**TASK GOAL**: Would you transcribe the whole listing exactly, minus its pictures?

**GIVEN DATA**:
• • •

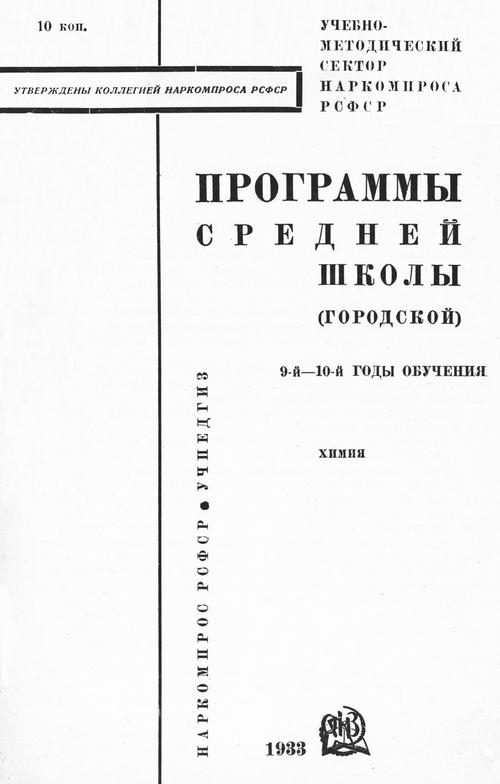 Программы средней школы. (Городской). Химия : 9-й—10-й годы обучения / Учебно-методический сектор Наркомпроса РСФСР ; сост. В. Н. Верховский, Л. М. Сморгонский. — [М.] : Наркомпрос РСФСР : Учпедгиз, 1933. — 7 с.
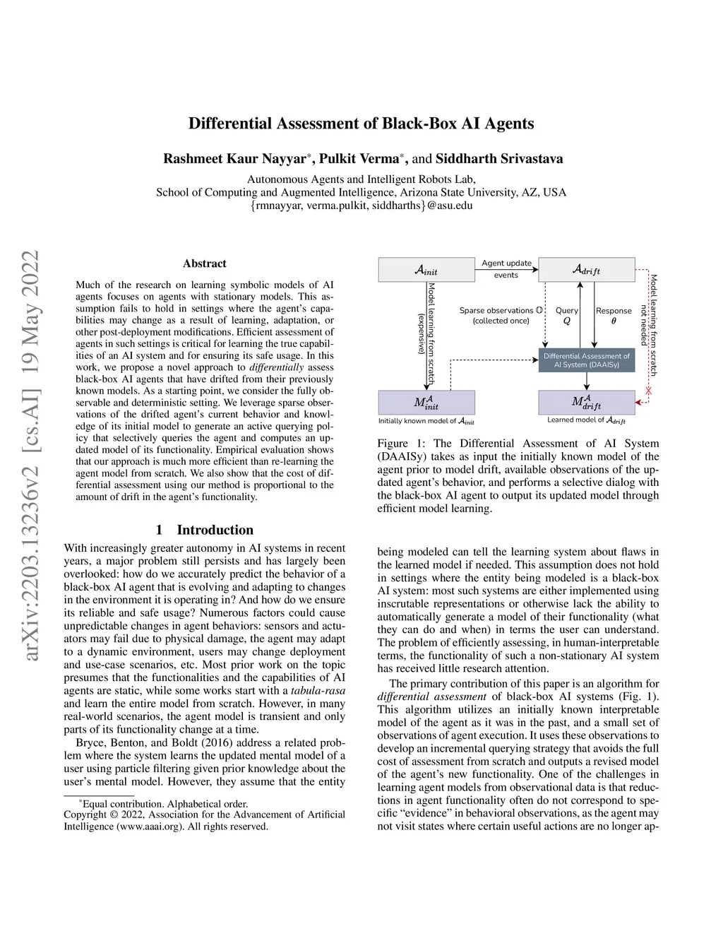 Much of the research on learning symbolic models of AI agents focuses on agents with stationary models. This assumption fails to hold in settings where the agent's capabilities may change as a result of learning, adaptation, or other post-deployment modifications. Efficient assessment of agents in such settings is critical for learning the true capabilities of an AI system and for ensuring its safe usage. In this work, we propose a novel approach to "differentially" assess black-box AI agents that have drifted from their previously known models. As a starting point, we consider the fully observable and deterministic setting. We leverage sparse observations of the drifted agent's current behavior and knowledge of its initial model to generate an active querying policy that selectively queries the agent and computes an updated model of its functionality. Empirical evaluation shows that our approach is much more efficient than re-learning the agent model from scratch. We also show that the cost of differential assessment using our method is proportional to the amount of drift in the agent's functionality.
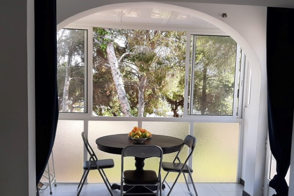 Lítil og hugguleg íbúð í Los Balcones til vetrarleigu eða orlofsleigu. Íbúðin samanstendur af 1 svefnherbergi, 1 baðherbergi, eldhúsi og stofu. Úr stofunni er útgengt á yfirbyggðar svalir sem eru eiginlega framlenging á stofunni. Íbúðin er staðsett í góðum kjarna þar sem íbúar hafa aðgang að sameiginlegri sundlaug.

• • •

**REPLY**:
 Программы средней школы. (Городской). Химия : 9-й—10-й годы обучения / Учебно-методический сектор Наркомпроса РСФСР ; сост. В. Н. Верховский, Л. М. Сморгонский. — [М.] : Наркомпрос РСФСР : Учпедгиз, 1933. — 7 с.
 Much of the research on learning symbolic models of AI agents focuses on agents with stationary models. This assumption fails to hold in settings where the agent's capabilities may change as a result of learning, adaptation, or other post-deployment modifications. Efficient assessment of agents in such settings is critical for learning the true capabilities of an AI system and for ensuring its safe usage. In this work, we propose a novel approach to "differentially" assess black-box AI agents that have drifted from their previously known models. As a starting point, we consider the fully observable and deterministic setting. We leverage sparse observations of the drifted agent's current behavior and knowledge of its initial model to generate an active querying policy that selectively queries the agent and computes an updated model of its functionality. Empirical evaluation shows that our approach is much more efficient than re-learning the agent model from scratch. We also show that the cost of differential assessment using our method is proportional to the amount of drift in the agent's functionality.
 Lítil og hugguleg íbúð í Los Balcones til vetrarleigu eða orlofsleigu. Íbúðin samanstendur af 1 svefnherbergi, 1 baðherbergi, eldhúsi og stofu. Úr stofunni er útgengt á yfirbyggðar svalir sem eru eiginlega framlenging á stofunni. Íbúðin er staðsett í góðum kjarna þar sem íbúar hafa aðgang að sameiginlegri sundlaug.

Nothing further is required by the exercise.